Она вздыхает, и я чувствую ее дыхание. От нее пахнет зубной пастой. Затем сестра Рут отодвигает мой стул, и ножки скребут по полу. Разворачивает меня так, чтобы опуститься передо мной на корточки и не удариться при этом головой о край стола. Край стола может быть очень опасным. Мама так часто билась о него головой, когда у нее случался припадок…
Сестра Рут принимается застегивать кофту на пуговицы. У себя на коленке я повторяю пальцем зигзагообразный узор ее пробора. Линия вправо, прямо, линия влево, прямо, и снова влево, как молния. Сестра Рут словно чувствует на себе мой взгляд и вскидывает голову.

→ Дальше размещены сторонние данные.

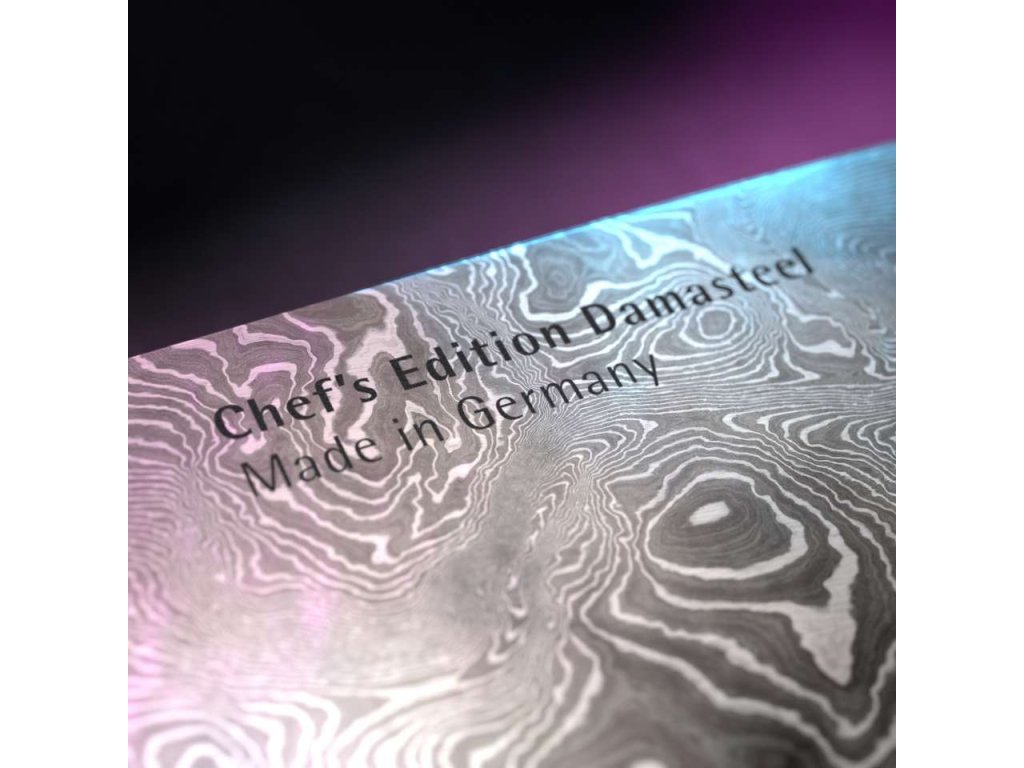 Chef's Edition Damasteel is ideal for slicing and cleaning vegetables, meat, herbs or nuts. The knife has one side wider for even filleting of fish. It is suitable for professional cooks, but also for amateur cooks.

– Ханна, есть кто-то, кому мы могли бы позвонить? Твоему папе, например? Ты помнишь ваш домашний номер?
Я мотаю головой.
– Но у тебя есть папа?
Киваю.
– И он живет с вами? С тобой и твоей мамой?
Снова киваю.
– Ему, наверное, нужно позвонить? Он ведь должен знать, что с твоей мамой произошел несчастный случай. И наверняка будет волноваться, если не дождется вас дома.
Линия вправо, прямо, линия влево, прямо, и снова влево, как молния.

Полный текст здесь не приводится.